US MAINSTREAM MEDIA continues to give a partial, and dangerously misleading view of events in Ukraine.
The latest misrepresentation is in the reporting of the recent election for a new President.
Western media has presented the results as an "overwhelming victory" for chocolate billionaire oligarch Petro Poroshenko, with more than 54% of the vote.
This seems to be an impressive endorsement in the bid to give the coup-government some legitimacy. Until the turnout figures are examined.
The US media, in particular, has almost universally ignored turnout.
But figures from the Central Election Commission of Ukraine report an overall turnout of just 60.3%.
On that basis Poroshenko can claim the overall support of fewer than one in three Ukrainians.
In only ten of the 24 primary administration units — oblasts — was the turnout greater than that in the last two US presidential elections, about 64%. The highest turnout was in Lviv and Ternopil in the far west of the country. In Lviv 70% voted for Poroshenko on a 78.2% turnout.
In the far east of the country turnout was as low as 6.8% in some voting districts. The interactive map published at ft.com by John Burn-Murdoch illustrates the range of turnout dropping sharply mostly from east to west, though the most western oblas Zakarpattia had a turnout of just 51%.
At best for Poroshenko, in the far west, he still only won the support of less than 55% of the population.

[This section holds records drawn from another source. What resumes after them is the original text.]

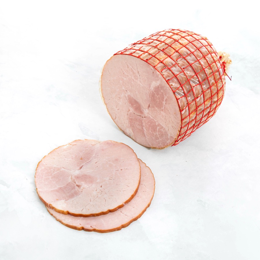 тазобедренная часть свиная, рассол (вода, комплексная пищевая добавка (загуститель, регулятор кислотности, животный белок (содержит коллаген полученнй из свиного, говяжьего и птичьего сырья, растительная клетчатка (пшеничная), усилитель вкуса и аромата, мальтодекстрин, инулин, регулятор кислотности, антиокислитель, масло растительное, загуститель, соль йодированная, декстроза, экстракты пряностей (любисток, кориандр), дрожжевой экстракт, ароматизатор коптильный, красители), комплексная пищевая добавка для мясной продукции с йодом (соль, фиксатор окраски, йодат калия), комплексная пищевая добавка (регуляторы кислотности, антиокислитель, йодированная соь, перец черный, кориандр, тмин.
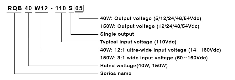RQB150W3 : 66~160Vdc (3 : 1) - 4KVac I/O isolation
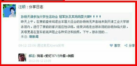 这就是他们以为无人会知的人人网上背后诋毁“出头鸟”孙杨的截图。
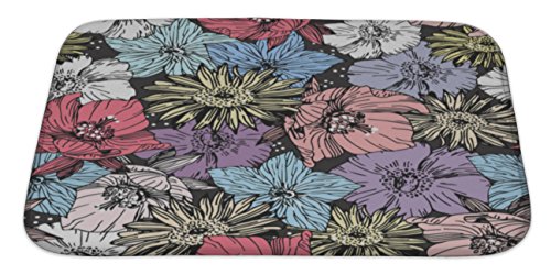 Gear New No Slip Microfiber Memory Foam Vintage Graphic Flower Pattern Bath Rug Mat, 34" X 21"
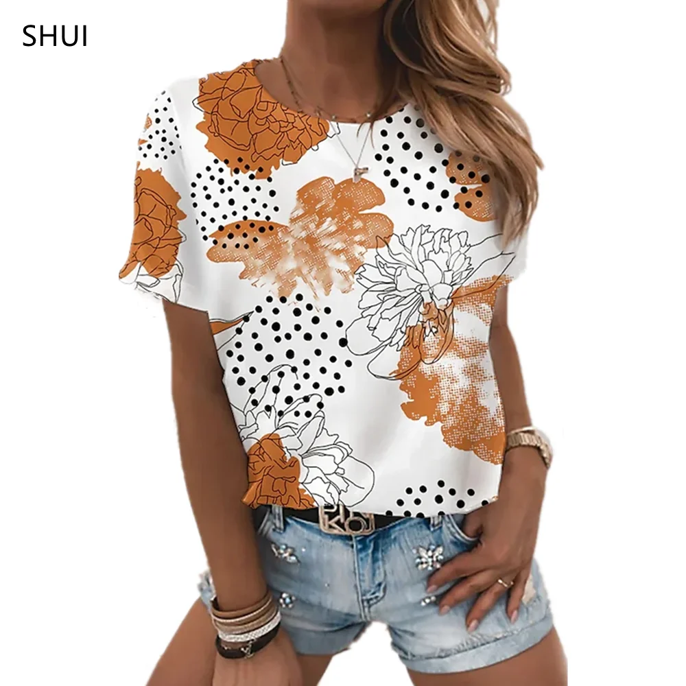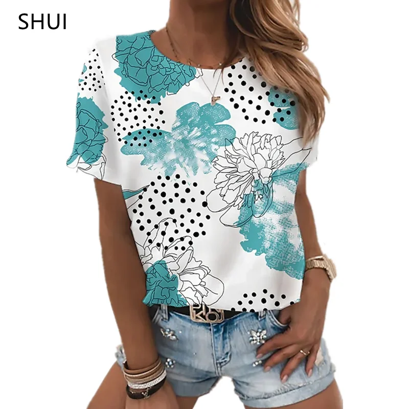 Футболка с 3D цветочным принтом, летняя новая модная повседневная рубашка с круглым вырезом и короткими рукавами, уличная одежда больших размеров, женская футболка 6XL
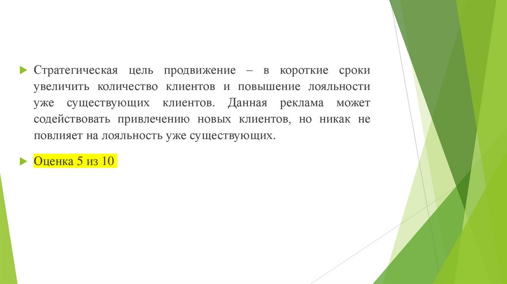 Стратегическая цель продвижение – в короткие срокиувеличить количество клиентов и повышение лояльности
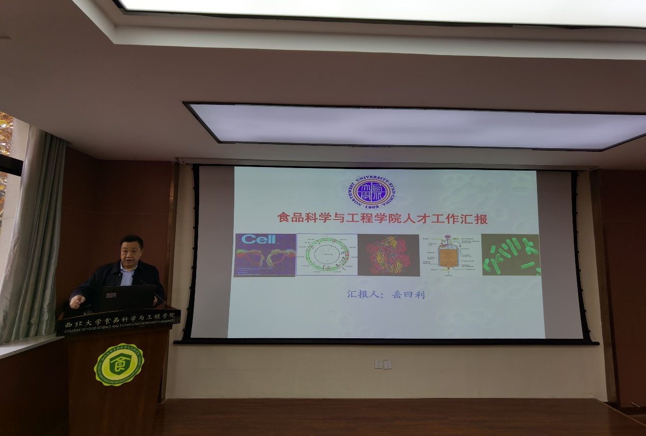 岳田利的报告分为学科体系、学科平台、研究基地、人才队伍、科学研究、国际合作、学科整体水平、与国内一流学科差距、存在问题、人才工作思路等十个版块。他详细分析了学院自成立以来所取得的成就和重要工作进展,进一步阐述了学科发展所要面临的严峻形势,着重分析了学院人才队伍现状和问题,并给出了解决方案。他指出:目前学院人才队伍最突出的矛盾是:一、学院人才总量不够,领军人才缺乏,严重制约学科发展;二、办学空间严重不足,现代化的教育教学链基本骨架还不完善,人才承载能力弱;三、学科的装备力严重不足,人才的凝聚力、创造力和竞争力不足。解决之道在于通过全面改革回归学术,构建现代大学制度下的学院治理模式,以创新链办学模式引育人才,以产学研一体化国际化办学聚集人才,以产学研一体化学科创新链承载人才,并着力打造培养四支创新人才团队,服务于支撑西北区域四大产业集群,实现人才和学科发展四大目标。
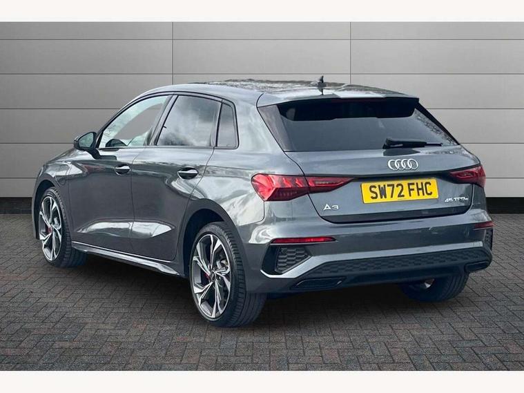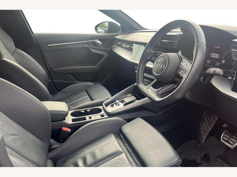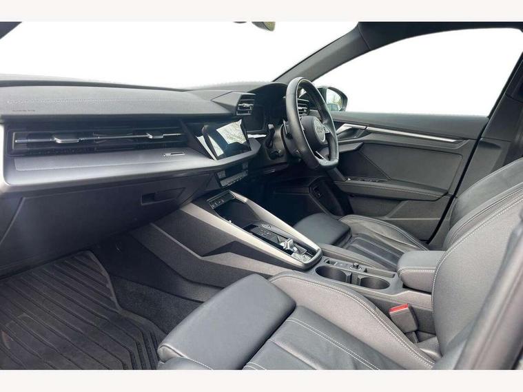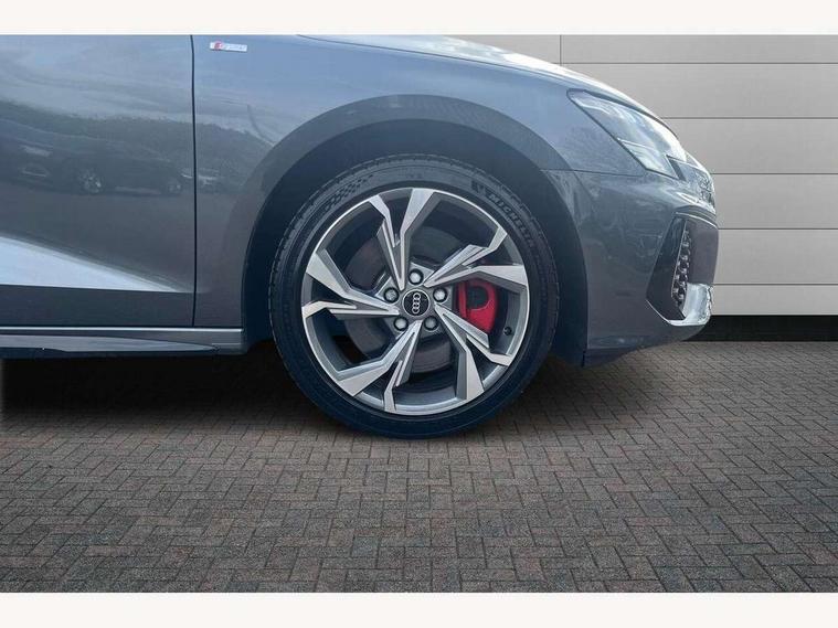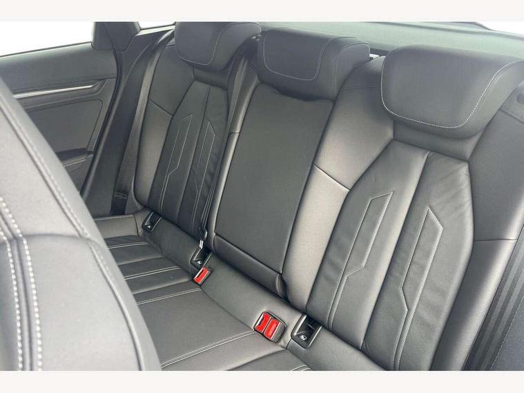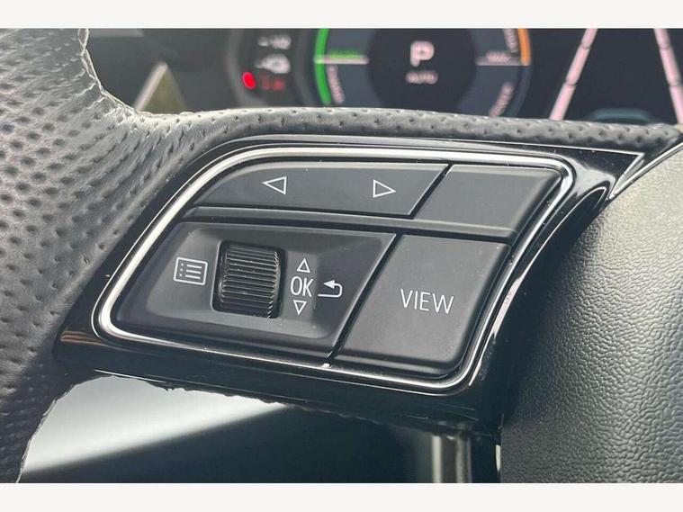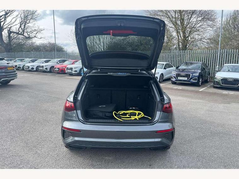 Audi drive select (Auto, Comfort, Dynamic, Efficiency and Individual), Audi smartphone interface, Audi Virtual Cockpit - 10.25" digital and colour instrument cluster, Automatic start/stop system with recuperation, Bluetooth interface, Collision avoidance assistant, e-Call (emergency call), Electromechanical power speed sensitive steering, Lane departure warning system, MMI Navigation Plus with high resolution 10.1" colour touch screen display, Service indicator, Trip computer, Voice control system with natural language interaction, 2.9 kW On-board charger, 3 pin 10 amp domestic charging cable, Standard suspension, Type 2 mode 3 32 amp charging cable, Type 2 socket for AC charging, 2xUSB-C connection with data and charging functions, 6 passive loudspeakers, DAB Digital radio, 3rd brake light, Acoustic glass windscreen, Aluminium window trim, Auto dimming frameless rear view mirror, Electrically adjustable/heated/folding/auto dimming door mirrors with integrated LED indications + kerb view function for passenger side, Front electric windows, Illuminated aluminium inserts front door sills with S logo, LED daytime running lights, LED headlights with LED rear lights and dynamic rear indicators, Light and rain sensors, Privacy glass - dark tinted rear window, rear door and side windows, Rear electric windows, Rear side air outlets in grained matt black, Rear side wing doors, Rear wiper, S line bumpers, S roof spoiler, 12V socket and storage compartment in front centre console, 3 seat bench in 2nd row, 40/20/40 split folding rear seat bench with cupholder, Black cloth headlining, Dual zone electronic climate control, Front and rear centre armrest in leather, Front and rear headrests, Front/rear floor mats, Height and reach adjustable steering wheel, Illuminated vanity mirror, Interior lighting - glove compartment light and right hand side, Luggage compartment floor covering, Manual boot compartment lid, Manually adjustable front seats, Seat side bolsters, Single front passenger seat, Stainless steel pedals and front footrest in black, Twin leather upholstery with front sports seats S embossed logo, Aluminium interior elements pack - A3 Sportback, Black styling pack - A3 Sportback, LED interior lighting pack - A3 Sportback, S line styling pack - A3 Sportback, 3x3 point rear seat belts, Audi pre sense front, Driver and front passenger airbag with passenger airbag deactivation, Electronic Stabilisation Control (ESC) including ABS, ASR and EDL, First aid kit with warning triangle and 2 safety vests, Front side airbags with head airbags and interaction airbag, Pre-sense front with pedestrian and cyclist detection, Red brake calipers, Seatbelt monitoring, Tyre pressure loss indicator, Anti theft alarm, Anti-theft wheel bolts, Electronically operated child lock, Immobiliser, Remote control central locking, Accent surfaces in the dashboard and centre console in platinum grey silk effect paint finish, Dark spectrum aluminium inlays, Tool kit, Tyre repair kit,
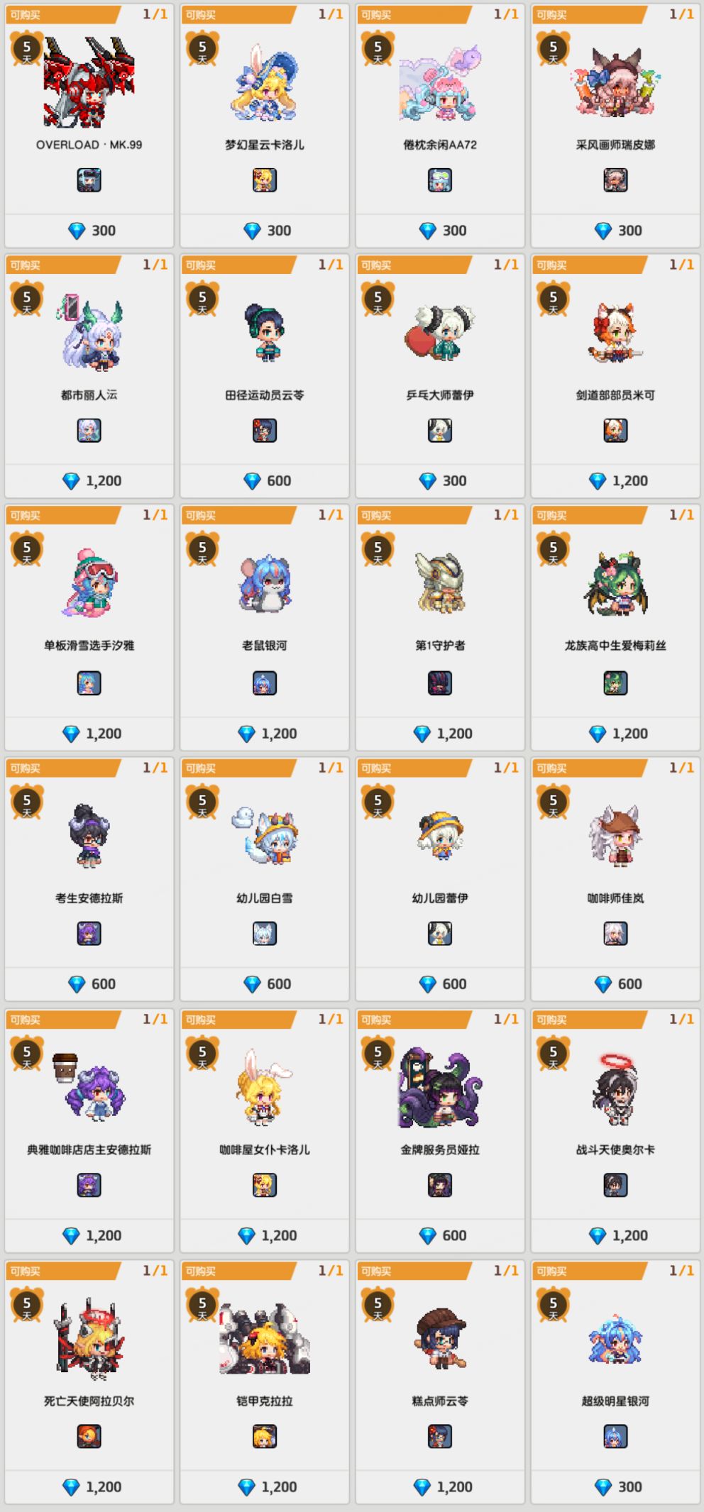 英雄时装:都市丽人沄,田径运动员云苓,OVERLOAD·MK.99,梦幻星云卡洛儿,倦枕余闲AA72,采风画师瑞皮娜

In Donetsk, in the east, the turnout overall was 15.4%, and much lower in some voting areas. That means fewer than 6% Ukrainians in Donetsk voted for the new figurehead.
Even in Kiev, the seat of the US-backed coup, turnout was 62.7%. With 63.6% of that turnout voting for Poroshenko, fewer than four out of ten Kiev residents voted for Poroshenko.
The fact that Ukraine is a deeply divided country is not a revelation. At the last legitimate election in 2010 Viktor Yanukovych won 49% of the popular vote against 45.5% for the former prime minister Yulia Tymoshenko. That was on a turnout of 69%, eight clear points higher than for the election of Peroshenko.
On that basis Yanukovych in 2010 could claim the support of one in three Ukrainians. But it was still more support — albeit only marginally more — than Poroshenko with his "overwhelming victory".
Support for Tymoshenko seems to have crumbled. With just 13% of the popular vote, she attracted the votes of well under one in ten Ukrainians.
In 2010 and in 2014, maps of the voting show the country to be sharply divided regionally. Maps of the cultural and linguistic breakdown of the country mirror the voting maps… or, rather politics in Ukraine mirror the cultural and linguistic quilt (right).
There is no tiny minority, nor massive majority in Ukraine. This was and remains a divided, but finally balanced country.